Exercise details: Every line from the one with "It certainly seems" through the end of the material below, both ends included, should be transcribed exactly, without pictures.

Supplied material:
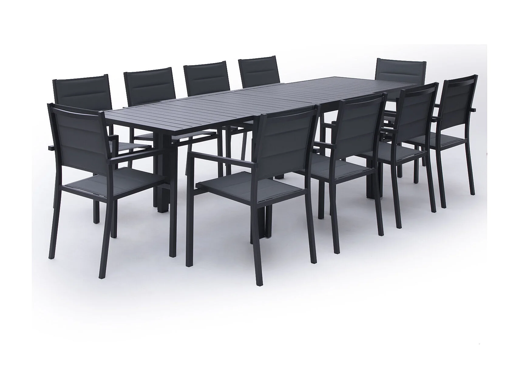 Salon de jardin VENEZIA extensible en textilène gris 10 places - aluminium anthracite
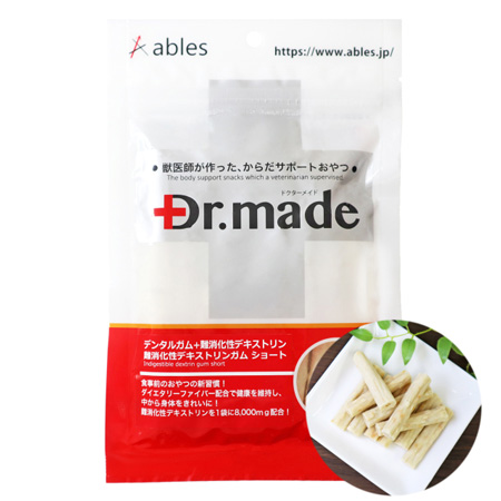 Ablesシリーズでは1袋に2000mgを配合、Dr.madeシリーズでは獣医学術雑誌CAPに掲載された報告「ペットスリムの肥満治療効果ネオペッツ動物病院グループ/細井戸大成」に基づき、減量効果が見込めるとされる量である8000mgの難消化性デキストリンを配合した愛犬用スナックを提供しています。
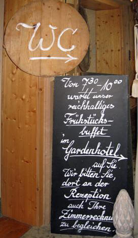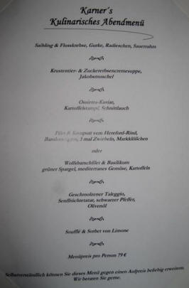 It certainly seems a charming place to stay. At 8:30 we sat down for dinner at their restaurant called Karner [Nussbaumstra�e 6, Frasdorf, +49-80-521-7970.] I took these shots of their indoor dining area.
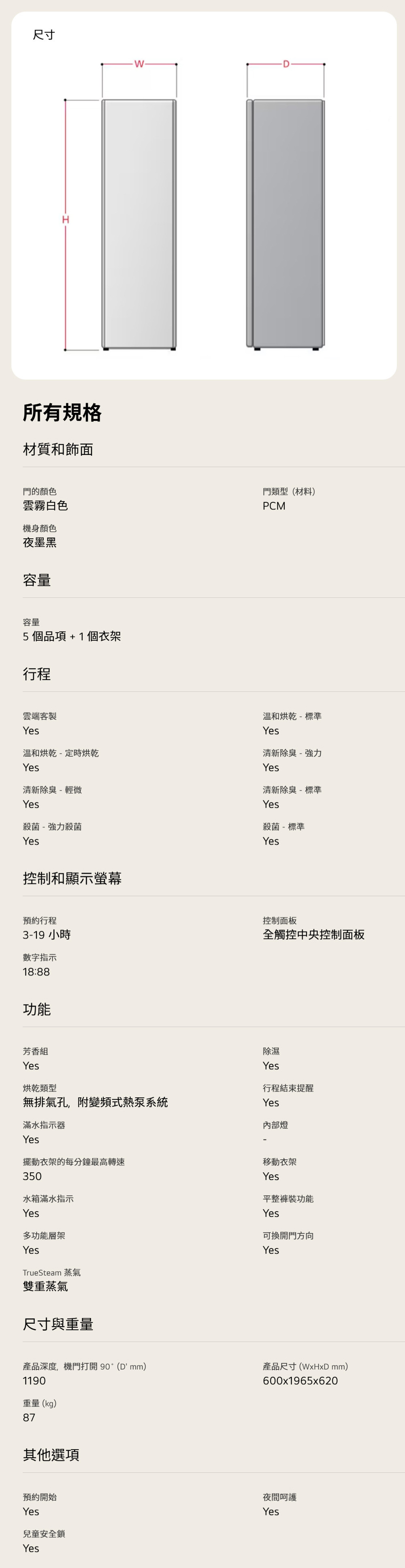 品名:LG Styler蒸氣電子衣櫥-雲霧白

Output for this exercise:
 It certainly seems a charming place to stay. At 8:30 we sat down for dinner at their restaurant called Karner [Nussbaumstra�e 6, Frasdorf, +49-80-521-7970.] I took these shots of their indoor dining area.
 品名:LG Styler蒸氣電子衣櫥-雲霧白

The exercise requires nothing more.